Learning Modern C++ for Finance

by Daniel Hanson
November 2024
Intermediate to advanced
430 pages
10h 39m
English
O'Reilly Media, Inc.
Book available
Content preview from Learning Modern C++ for Finance

Appendix B. Object Slicing

Another point that was deferred from Chapter 3 is that abstract base classes can prevent object slicing, which will now be explained.
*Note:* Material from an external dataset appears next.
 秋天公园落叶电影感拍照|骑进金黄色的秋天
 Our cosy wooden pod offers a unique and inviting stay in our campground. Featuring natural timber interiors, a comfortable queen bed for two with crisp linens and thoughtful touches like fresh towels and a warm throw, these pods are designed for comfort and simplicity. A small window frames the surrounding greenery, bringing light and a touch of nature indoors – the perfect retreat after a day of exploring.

In the result from Appendix A, both the Base and Derived classes are concrete; that is, either can be instantiated on its own:

#include <cmath>
#include <iostream>

class Base
{
public:
    virtual double trig_fcn(double x) const
    {
        return std::cos(x);
    }

    virtual ~Base() = default;

};

class Derived final : public Base
{
public:
    double trig_fcn(double x) const override
    {
        return std::sin(x);
    }

};

Suppose now we create instances of each on the stack:

Base b;
Derived d;

Suppose also that we have a function that takes in a Base argument and evaluates the trig_fcn(.) member function for x = π and displays the result to the screen:

void slice_function(Base b)
{
    using std::cout, std::format;
    using namespace std::numbers;

    cout << format("slice_function(.): trig_fcn(pi) = {}\n",
        b.trig_fcn(pi));
}

Now, call this function with both b and d:

slice_function(b);
slice_function(d);

We would get as output something like this:

slice_function(.): trig_fcn(pi) = -1
slice_function(.): trig_fcn(pi) = -1

In both cases, the result is essentially –1 (this might not be exact because of floating-point arithmetic), the result of std::cos(pi), even though we might have expected 0 for std::sin(pi) from the Derived object d.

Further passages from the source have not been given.